And take a new screenshot. We have a new screenshot pulled up, and we can now find out the id of this text field com.example.login:id/succestext
:
If an invalid password or email is entered into the emulator, an authorization error message will be displayed along with the appropriate text.
You may have already noticed that this error message has the same id, but if you look closely enough, you will see that the error text in the text field is entirely different. That's precisely what we need.
Now that we have written out all the ids of the items, let's get down to writing the tests.
Configuring the Libraries
We will be developing tests in IntelliJ IDEA. To do this, start IDEA and create a directory, for example, on the desktop and name it androidAutomation.
After we have created a default project, let's connect our libraries to it:
For your convenience, we have gathered all the libraries in one place.
Open the project we have already created and create the libs directory:
Next, place the downloaded libraries in our directory:
Now let's go into our project, under Project Structure, and add our libraries from the libs folder:
We have added all the libraries we need for our work-related purposes, and now we have to create a directory where our app will be located. Create the apps directory and drag our app into it:
Developing the Tests
Now let's go to the leading - Java directory and create our first class, called LoginTest
, where we will be writing our tests:
To successfully run the test, we need the setUp()
, tearDown()
methods, and the test itself. Let's write the setUp()
method, in which we will write all the required parameters for the test run, specifically:
platformName
: The OS version of our emulator, which is Android in our case; deviceName
: The name of the emulator which is displayed in Android Studio, autoschool10
being the name in our case (the name of the emulator can be anything, but it’s best to make sure that it’s not written in Cyrillic); platformVersion
: The version of our OS - Android 10; automationName
: We automate with Appium; appPackage
: The package of our test app com.example.login
; appActivity
: The activity, i.e., the screen that will be launched.

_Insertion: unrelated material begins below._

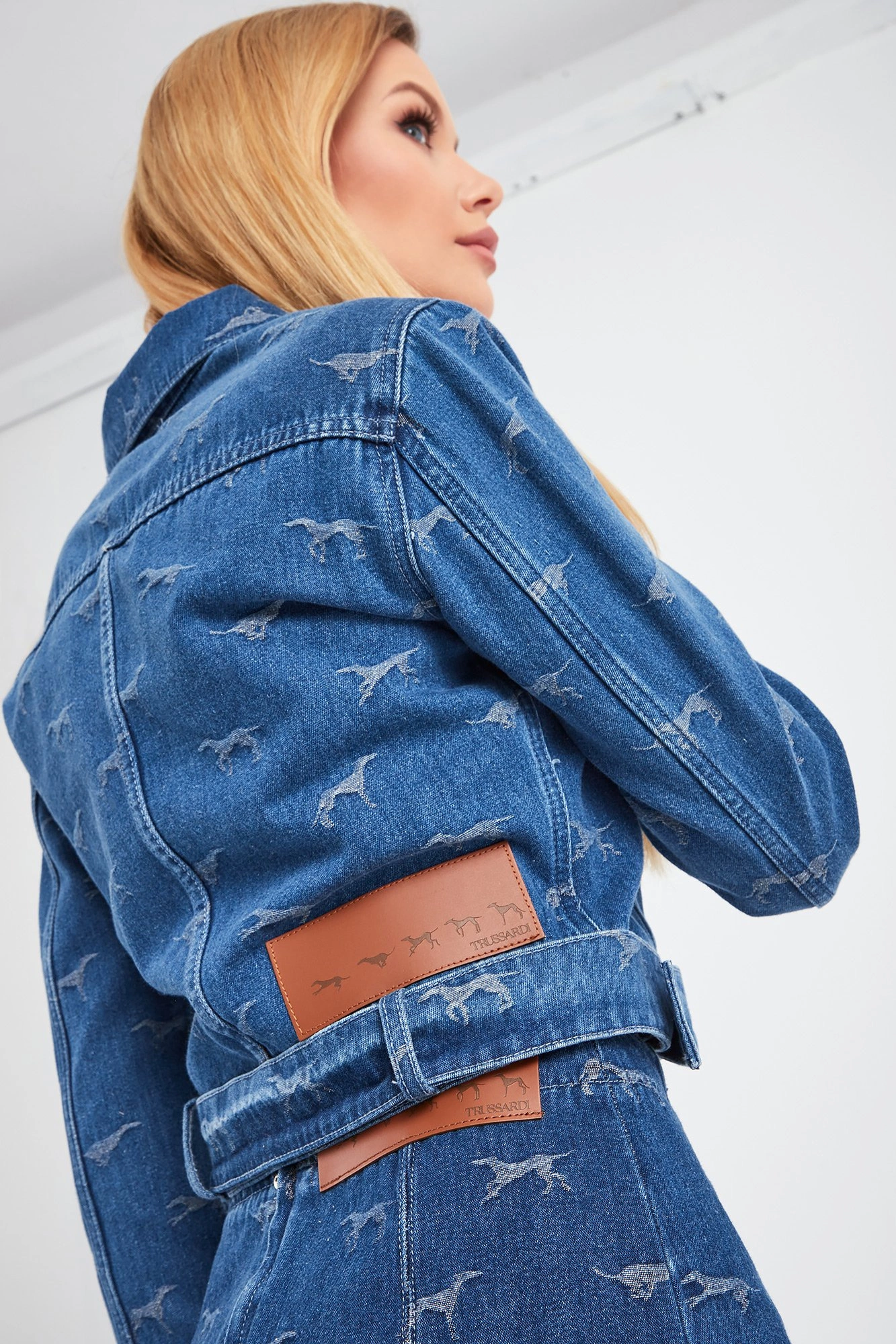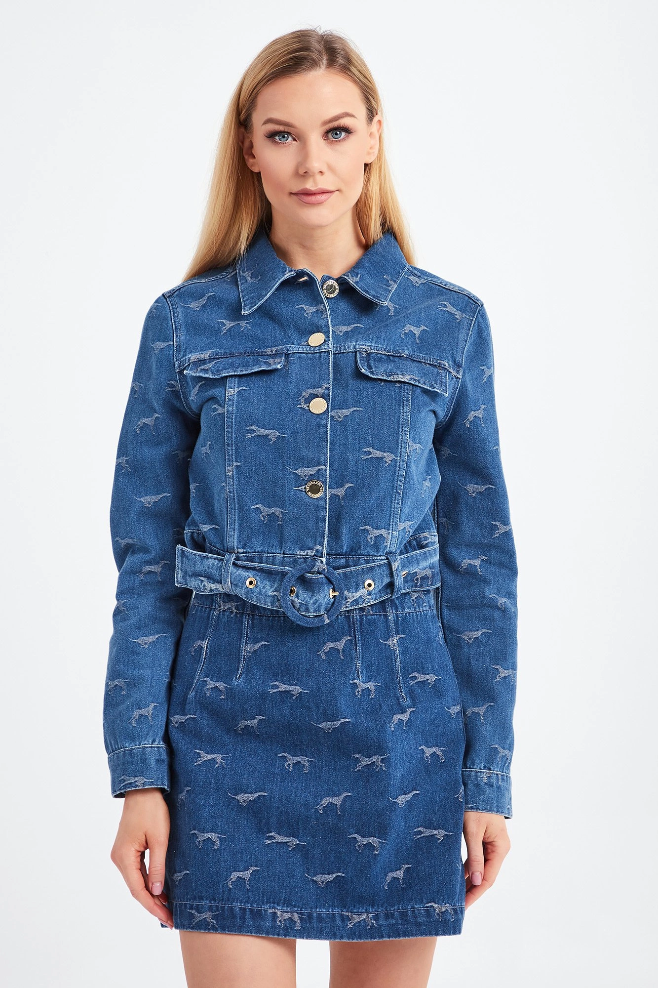 Jeansowa katana marki Trussardi w niebieskim kolorze. Na całości charakterystyczny dla marki wzór charta. Luźniejszy fason o modnym kroju cropped. Zapinana na złote guziki sygnowane nazwą marki. Z przodu dwie patki imitujące kieszenie. Z tyłu duża brązowa aplikacja z nazwą i logo marki. W komplecie pasek. Zapinany na okrągłą klamrę. Rękawy wykończone prostym mankietem, zapinanym na złoty guzik. Katana wykonana z wysokiej jakości bawełny z dodatkiem delikatnie elastycznych włókien.

There is only one screen in our app, and this activity is called .ui.login.LoginActivity
; app
: Here, we specify the full path to our app, in this case, it is "/Users/{user_name}/Desktop/androidAutomation/apks/login.apk.
"
We use this line to connect the Android driver (Appium Android Driver is the test automation tool for Android devices. The driver is part of the Appium mobile test automation tool):
driver = new AndroidDriver(new URL("http://127.0.0.1:4723/wd/hub"), capabilities);
Android.uiautomator.testrunner.UiAutomatorTestCase
, placed on the Android device, opens a SocketServer
on port 4723. This server receives commands, converts them into appropriate Android UI Automator commands, and runs them on the devices.

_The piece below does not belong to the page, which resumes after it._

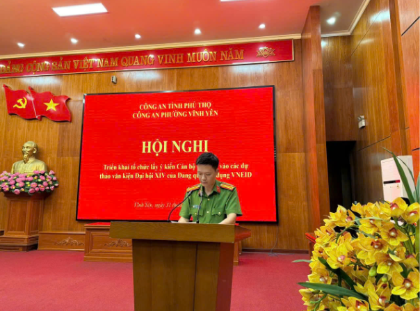 Hướng tới Đại hội đại biểu toàn quốc lần thứ XIV của Đảng, thực hiện chỉ đạo của Bộ Công an, Công an tỉnh Phú Thọ và Đảng ủy, UBND phường Vĩnh Yên về việc tổ chức lấy ý kiến nhân dân vào các dự thảo văn kiện Đại hội XIV của Đảng thông qua ứng dụng VNeID, Công an phường Vĩnh Yên đã chủ động triển khai đồng bộ các bước, bảo đảm thực hiện nghiêm túc, hiệu quả.

The complete code listing is shown below:
public void setUp() throws Exception
{
DesiredCapabilities capabilities = new DesiredCapabilities();
capabilities.setCapability("platformName", "Android");
capabilities.setCapability("deviceName", "autoschool10");
capabilities.setCapability("platformVersion", "10");
capabilities.setCapability("automationName", "Appium");
capabilities.setCapability("appPackage", "com.example.login");
capabilities.setCapability("appActivity", ".ui.login.LoginActivity");
capabilities.setCapability("app",
"/Users/s.yakovlev/Desktop/androidAutomation/apks/login.apk");
driver = new AndroidDriver(new URL("http://127.0.0.1:4723/wd/hub"), capabilities);
}
Let's terminate the driver in the tearDown()
method:
public void tearDown()
{
driver.quit();
}
Next, let's add the annotation @before
— is executed before the test, @After
— is executed after the test, @Test
— is added for each test.
All we now have to do is write the tests themselves. We will write just three tests. The first will check to ascertain whether the Login screen is open. The second test will check the authorization (with valid data), and the third logical test will review the approval with invalid data.
The Tab Bar Test
Let's write a positive screen title test. We will declare a variable called screenTitle
in which we will save our element. We will search for this element by id
to write findElementById
. To make sure that the element (item) really exists, let's call the isDisplayed()
method.
@Test
public void checkTitleScreen()
{
WebElement screenTitle = driver.findElementById("com.example.login:id/toolbar");
screenTitle.isDisplayed();
}
Authorization Test for Valid Data
Let's move on to writing an authorization test with valid data. The sequence of steps will be the same. We set the variables emailInput
and passInput
, in which we save our previously found elements.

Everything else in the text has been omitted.